Damage caused by osteoarthritis may be reversed by introducing stem cells inside the joint, writes Dick Ahlstrom
Stem cells may provide a way to reverse the damage caused by osteo-arthritis. A research project at NUI Galway will determine whether the cartilage lost to the disease can be regrown in situ to relieve symptoms.
The €6.25 million project is underway in Remedi, Galway's Regenerative Medicine Institute. This world-class biomedical research centre specialises in gene therapy and stem cell research and combines the two with the aim of regeneration and repair of tissues.
This new research initiative is an academic-industrial collaboration involving medical technology company Smith & Nephew, with additional financial support from IDA Ireland, explains joint project leader and scientific director of Remedi, Prof Frank Barry.
The work focuses on osteo-arthritis, a disease which sees the gradual degeneration and loss of the cartilage that serves as a cushion between bones within a joint, Prof Barry explains. "We will introduce adult stem cells into the joints to see if they have any influence on the progression of the disease."
Osteo-arthritis (OE) is the most common form of the disease, with one in three adults showing signs of it in at least one joint. Incidence increases with advancing age, and women are more likely to have it than men.
The collaboration hopes to change all of this by finding a way to halt and possibly reverse the loss of cushioning cartilage brought about by the disease.
The Remedi team will focus on a specific adult stem cell type recovered from bone marrow, the mesenchymal stem cell. These typically change or differentiate into cell types including heart and fat cells and also cartilage.
Unusually, these cells are also "non immunogenic", says Prof Barry. If transplanted they are not immediately attacked and rejected by the recipient's immune system. "We would introduce these cells using them in a fully mismatched individual without risk of rejection."
Part of the challenge is finding methods for growing the cells in large enough volumes for use in patients, one of the problems to be tackled by the Remedi team. "Scalability is very important, how you take this out of the lab and scale it up to an industrial level," Prof Barry says.
Smith & Nephew develops medical technologies related to orthopaedic reconstruction, endoscopy and other clinical therapies. It will devise a cell delivery system able to place the cells grown at Remedi into the affected joint.
"The question to answer is how to deliver these cells to the patient, whether by syringe or some other device," says Prof Barry.
Surprisingly, the mesenchymal stem cells don't actually have to differentiate and then grow inside the joint. Their presence alone and the cell to cell signalling they provoke is sufficient to trigger natural healing in what is known as the "trophic effect", Prof Barry explains.

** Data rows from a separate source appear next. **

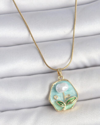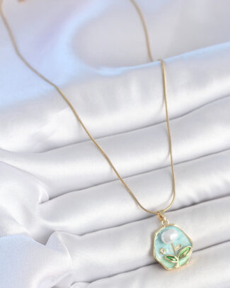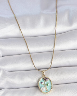 316L Çelik Gold Renk Zincir Mavi Çiçek İşlemeli İnci Detay Portre Model Kadın Kolye
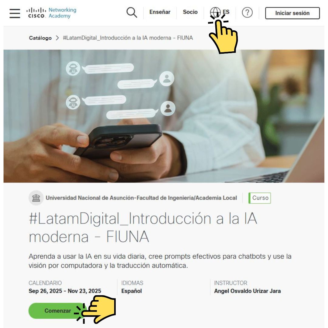 Introducción a la IA moderna es un curso para principiantes diseñado para ayudarte a aprender conceptos clave de IA y practicar con aplicaciones con IA. Comenzarás con una visión general de la IA. Luego explorarás la visión por computadora usando una aplicación de fotos y traducción automática con una herramienta de traducción en línea. Finalmente, profundiza en los chatbots, llenos de consejos para escribir mejores indicaciones y práctica con más de 10 chatbots populares y herramientas de inteligencia artificial, que incluyen ChatGPT, Meta AI, Gemini, Google Translate, Claude, Hugging Chat, Notebook LM y más. - Uso de Computadoras y Dispositivos Móviles
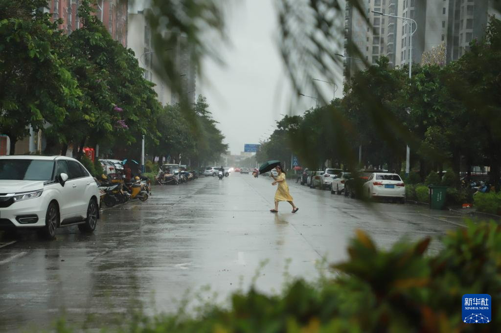 9月8日,一名市民在广东阳江市区撑伞行进。
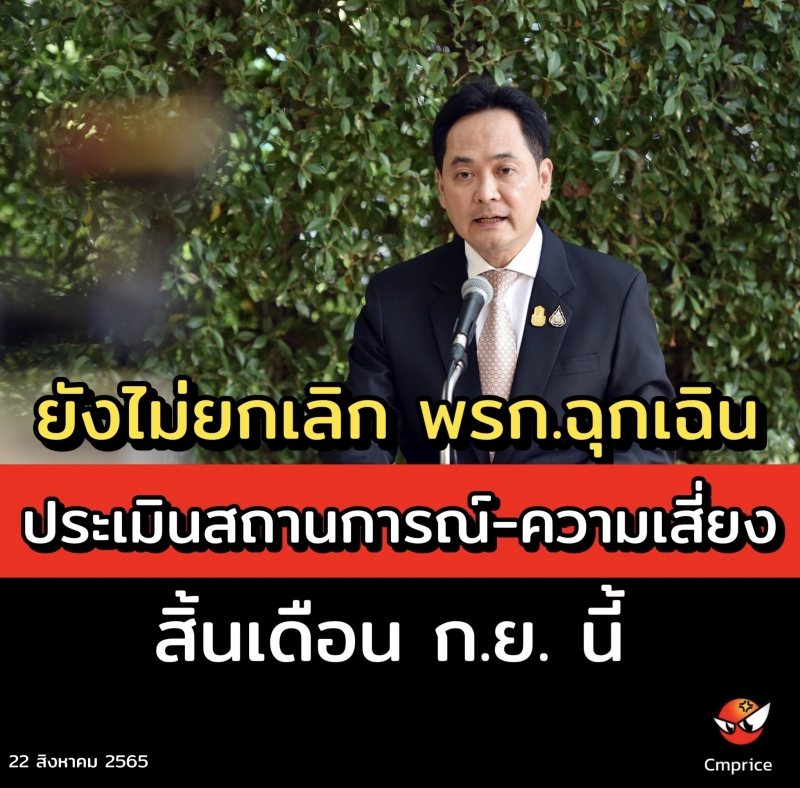 | • ยังไม่ยกเลิก พรก.ฉุกเฉิน ประเมินสถานการณ์-ความเสี่ยง สิ้นก.ย.เดือนนี้ |
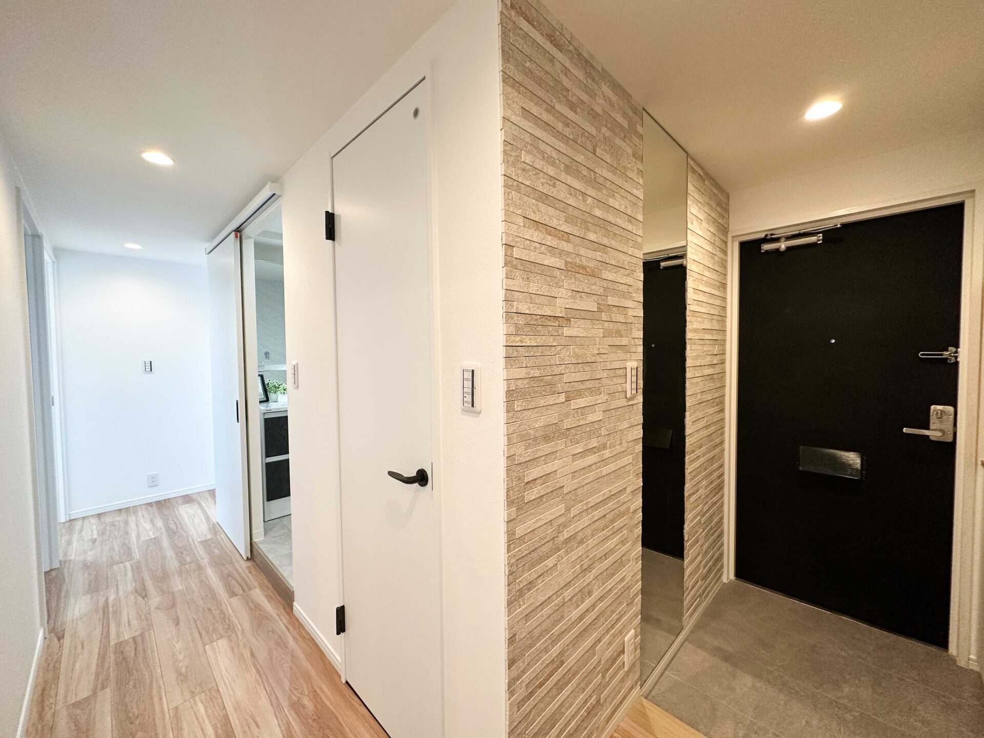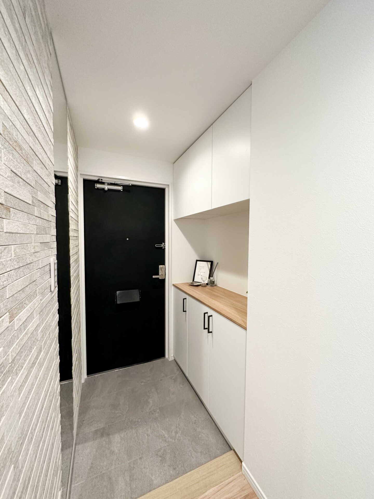 玄関・リビングにエコカラットタイルを施工して海外カフェのような空気感をプラス。
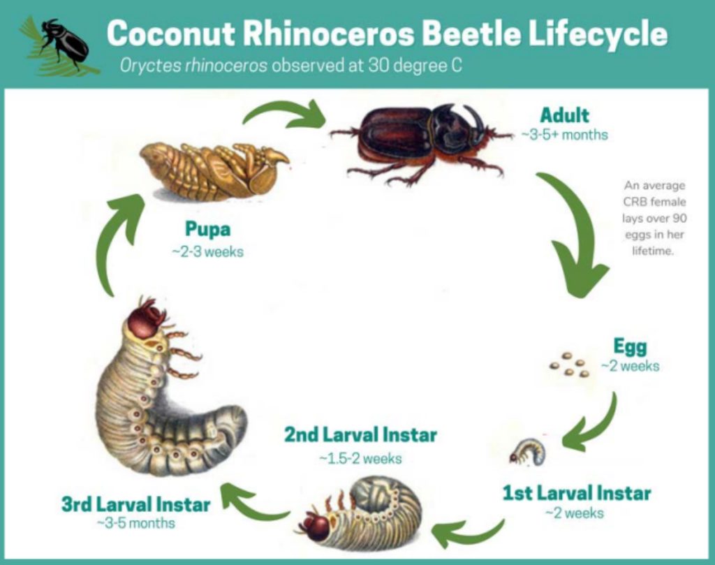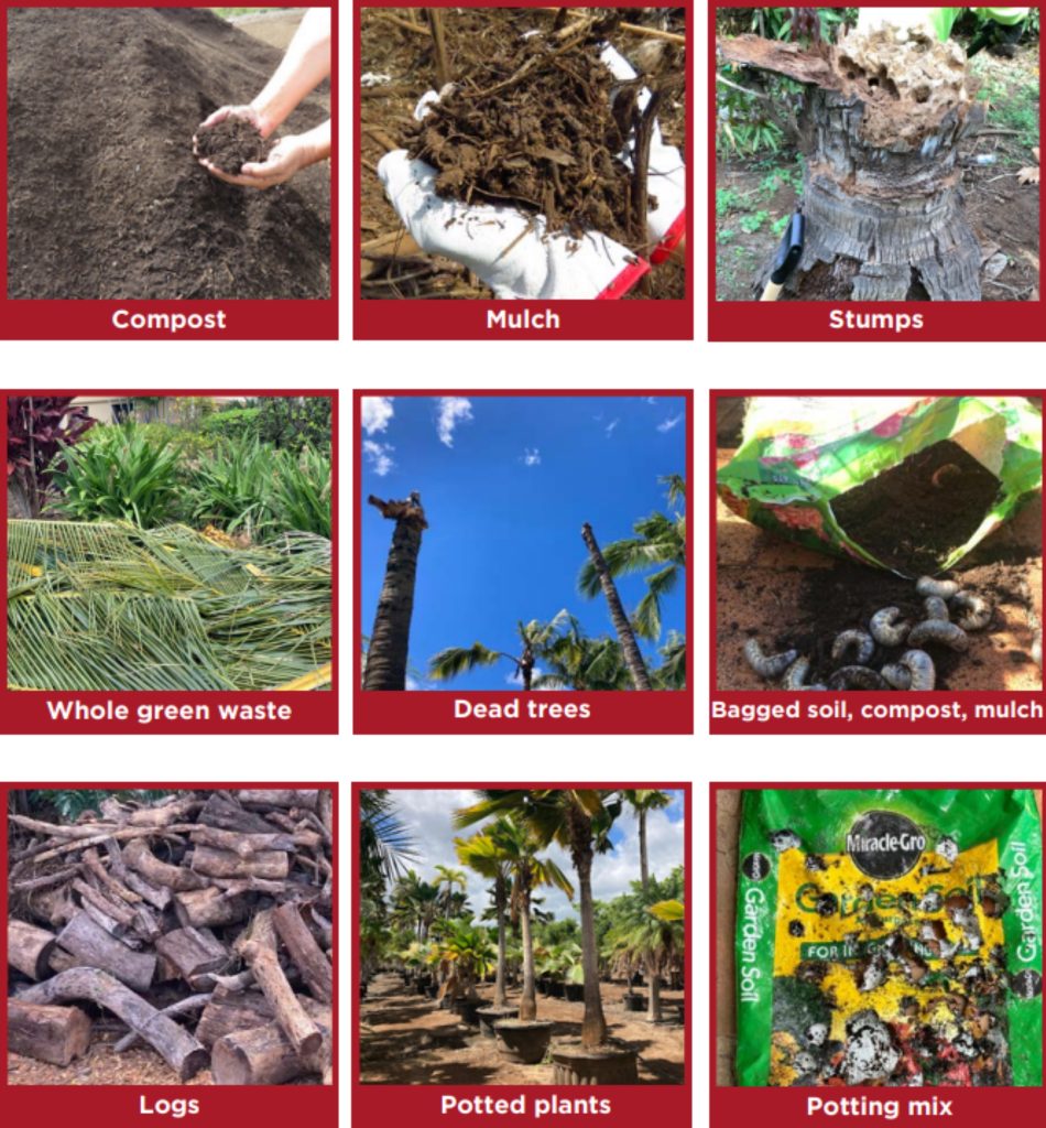 Underscoring the severe impact capable from this invasive species, Hawaiʻi County and Department of Agriculture and Biosecurity issued a 3-month voluntary compliance order to stop the movement of the coconut rhinoceros beetle host materials — which includes compost, wood or tree chips, mulch, plant propagation material, some landscaping materials and several live palm types — for a portion of West Hawaiʻi.

Cells release signalling substances all of the time, factors that allow cells to communicate with one another and enable them to act in unison.
"We will deliver them as fully undifferentiated cells, but there is no need for them to differentiate to the cell type. The stem cells deliver repair factors and the host is able to use its own repair response."
In effect the damaged cartilage will heal itself because of the presence of the stem cells. "It should really be described as signalling therapy rather than stem cell therapy," Prof Barry says.
The project adds nine more researchers to Remedi including four scientists sent over by Smith & Nephew.